Another “very old friend” called Hansen to tell him that he had the trademark Proclamation, which led to the launch of an entirely new blend two years ago, whiskies aged three to five years, honoring the people behind the 1916 document that proclaimed the Irish Republic.
“We wanted to celebrate Ireland’s independent spirit through a quality whiskey that also tells the story of some of the unsung heroes of this time,” the brand’s website quotes historian Mícheál Ó Doibhilín — a reference to the printers of the Proclamation, William O’Brien, Michael Molloy and Christopher Joseph Brady.
With their global marketing know-how and credentials, Hansen and Melle turned the traditional business model on its head. “Normally, people develop a brand by focusing initially on the product – they have to finance their own distillery, then lay down stock. After five years, they have the product and only then think about marketing.We did it the other way around: first, we got trademarks that can travel around the world easily, then we secured high-quality supply, then we had somebody who can ensure its best in class. The next thing was our own bonded warehouse, bottling and blending facility — which we opened last year— and only then do we build a distillery”, he explains, adding that this facility, either bought or built from scratch, will be up and running before the GND contract ends.

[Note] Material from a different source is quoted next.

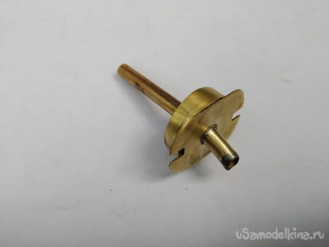 Далее необходимо изготовить крышку для пузырька с трубкой, в которую будет помещён фитиль. Для чего следует из листовой латуни вырезать пластину подходящего размера, просверлить в её центре отверстие соответствующее внешнему диаметру трубки (в моём случае 4,5мм), в краях пластинки при помощи надфиля сделать прорези для прижимных винтов. С нижней стороны к пластинке припаивается кольцо из листовой латуни изготовленное методом аналогичным применявшемуся при сгибании кожуха, но в этом случае диаметр прутка должен соответствовать диаметру горлышка пузырька. Трубку через которую будет проходить фитиль следует немного изогнуть для того что бы в завершённом изделии он располагался ближе к кремню.

Irish whiskey is expected to overtake Scotch by 2030 — building in part on Ireland’s own ‘brand’. The next stage is conquering the U.S. market — by far the largest, accounting for over half of the overall growth in global demand. PPI has an already established presence more than 20 states the U.S. since 2021. Despite pandemic delays, PPI signed a deal in October with the second largest distributor in the U.S., with a plan to roll out to all 50 states this year. A local office is planned, as Hansen foresees ‘huge’ sales growth for the entire group: from over €20 million this year to €100 million by 2025.

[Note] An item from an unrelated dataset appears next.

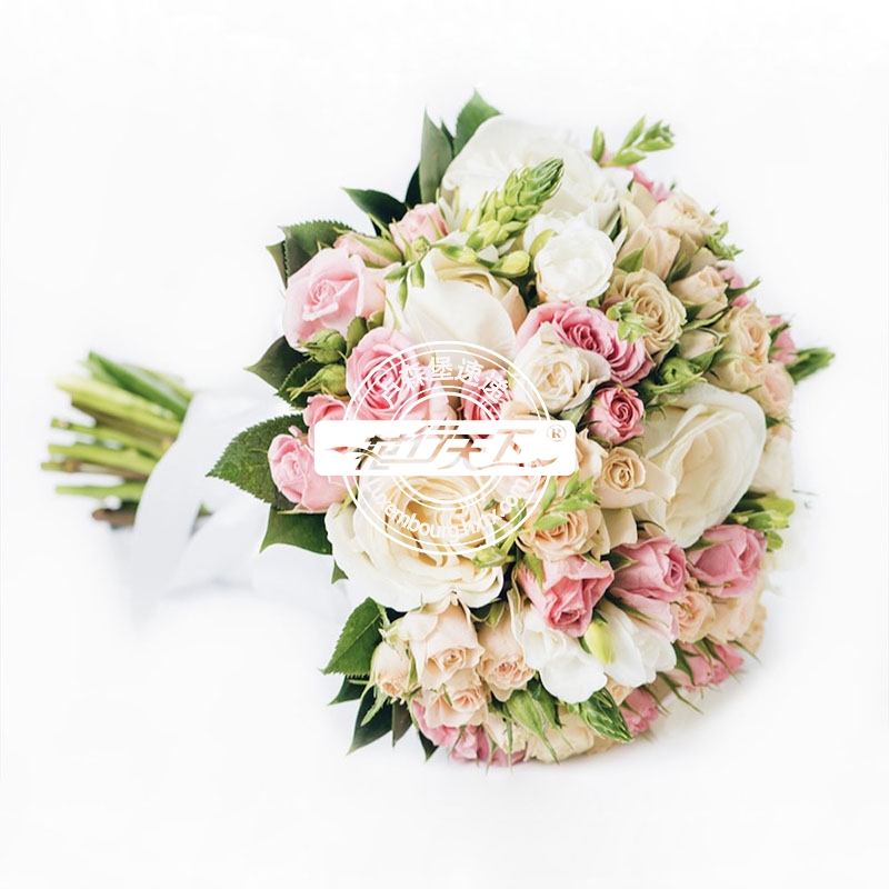 描述: 粉玫瑰、香槟玫瑰、白玫瑰、绿叶组成。

“There is a very good image of Ireland, so that’s perfect,” comments Hansen. “And there’s the Irish diaspora: millions of people around the world. Our strategy is not to be a small, exclusive, niche brand; we want to sell a lot of bottles for all our trademarks.”
In this new phase, PPI is backed by Ireland’s trade and investment agency, already a steadfast partner after the company invested €30 million locally.
“If you are funded by Enterprise Ireland, it is like a seal of approval showing you are serious,” says Hansen. “We have four interns from their program who are some of the best I’ve hired in my life. With Enterprise Ireland you get perfect services, and fast — a lot of knowledge and support when you enter into foreign markets.”
The importance of brands and the stories they tell in PPI’s approach to business is also evident in another unit, Lemanjá, a line of silk dresses named for the African-Brazilian goddess of the sea, with “every woman is a goddess” as its slogan. The fashion brand, ran by Stefan Hansen’s wife Sandra, also adheres to the rule of the “story must come first” established by all PPI brands, providing luxurious and timeless clothing for modern women.
For now, the founders have no plan to cash in their chips. “We are not these young guys who set up a company and want to build it and then sell quickly to some fund,” says Hansen. “We love what we’re doing, so we’re growing it.”
Whatever the future holds for PPI and its Irish whiskey brands, it appears that its founders found the right blend for success early on.